# Gender Classification Project

In this notebook we will use [Gender Classification Dataset](https://www.kaggle.com/cashutosh/gender-classification-dataset) from Kaggle. This is a dataset with cropped images of male and female. It is split into training and validation directory. Training contains ~23,000 images of each class and validation directory contains ~5,500 iamges of each class. Our *goal* is to correctly predict gender: `male` or `female`. 

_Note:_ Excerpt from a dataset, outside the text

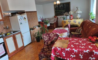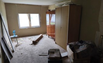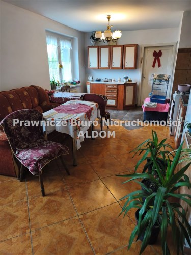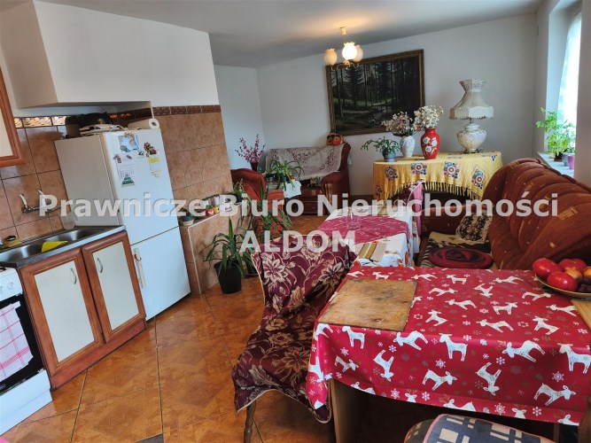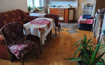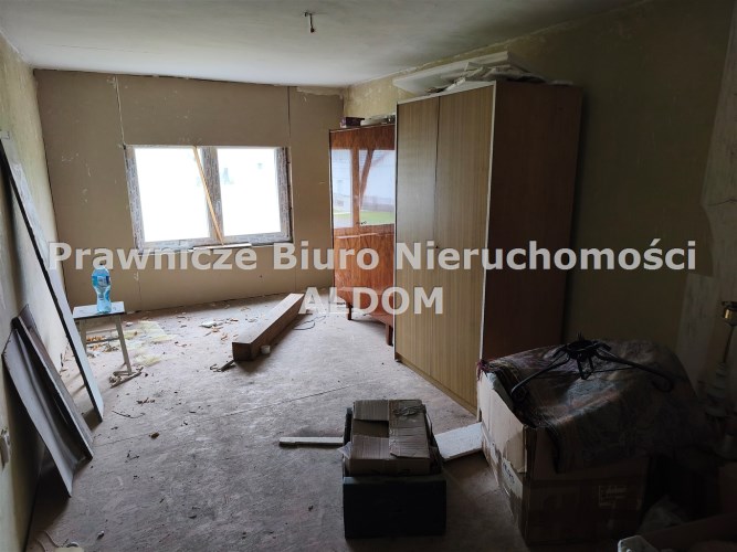 Na parterze znajduje się pokój dzienny połączony z kuchnią, 2 sypialnie, łazienka z WC, korytarz, 2 niewielkie pomieszczenia gospodarcze (mogące służyć jako garderoba i schowek), kotłownia oraz wiatrołap. Na piętrze znajdują się 2 pokoje (do wykończenia). Okna plastikowe, w łazience stare drewniane (okno do łazienki zostało już zakupione, wymaga zamontowania).

To achieve better result, we will use [ResNet](https://arxiv.org/abs/1512.03385)(Residual Network) model variants. ResNet was designed for the [ImageNet challenge](http://www.image-net.org/challenges/LSVRC/), and won it in 2015.


## Data Processing

We start by importing all the necessary modules
 - `lr-scheduler` - for using the one cycle learning rate schedule, from [this paper](https://arxiv.org/abs/1803.09820)
 - `namedtuple` - for handling ResNet configurations
 - `os` and `shutil` for handling custom datasets

In [3]:
import numpy as np
import matplotlib.pyplot as plt
import copy 
from collections import namedtuple
import os
import random
import shutil
import time

import torch
import torch.nn as nn
import torch.nn.functional as F
import torch.optim as optim
import torch.optim.lr_scheduler as lr_scheduler
from torch.optim.lr_scheduler import _LRScheduler
import torch.utils.data as data

import torchvision.transforms as transforms
import torchvision.datasets as datasets
import torchvision.models as models

We set the random seeds for reproducability

In [4]:
SEED = 1234

random.seed(SEED)
np.random.seed(SEED)
torch.manual_seed(SEED)
torch.cuda.manual_seed(SEED)
torch.backends.cudnn.deterministic = True

## Load and Augment Data

In [5]:
data_dir = 'D:/datasets/gender_kaggle'
train_dir = os.path.join(data_dir, 'Training')
test_dir = os.path.join(data_dir, 'Validation')
classes = os.listdir(train_dir)

In [9]:
classes

['female', 'male']

### Normalizing the data

In [11]:
train_data = datasets.ImageFolder(root=train_dir, transform = transforms.ToTensor())

means = torch.zeros(3)
stds = torch.zeros(3)

for img, label in train_data:
    means += torch.mean(img, dim = (1,2))
    stds += torch.std(img, dim = (1,2))
    
means /= len(train_data)
stds /= len(train_data)

print(f'Calculated means: {means}')
print(f'Calculated stds: {stds}')

Calculated means: tensor([0.6527, 0.4830, 0.4047])
Calculated stds: tensor([0.2061, 0.1797, 0.1678])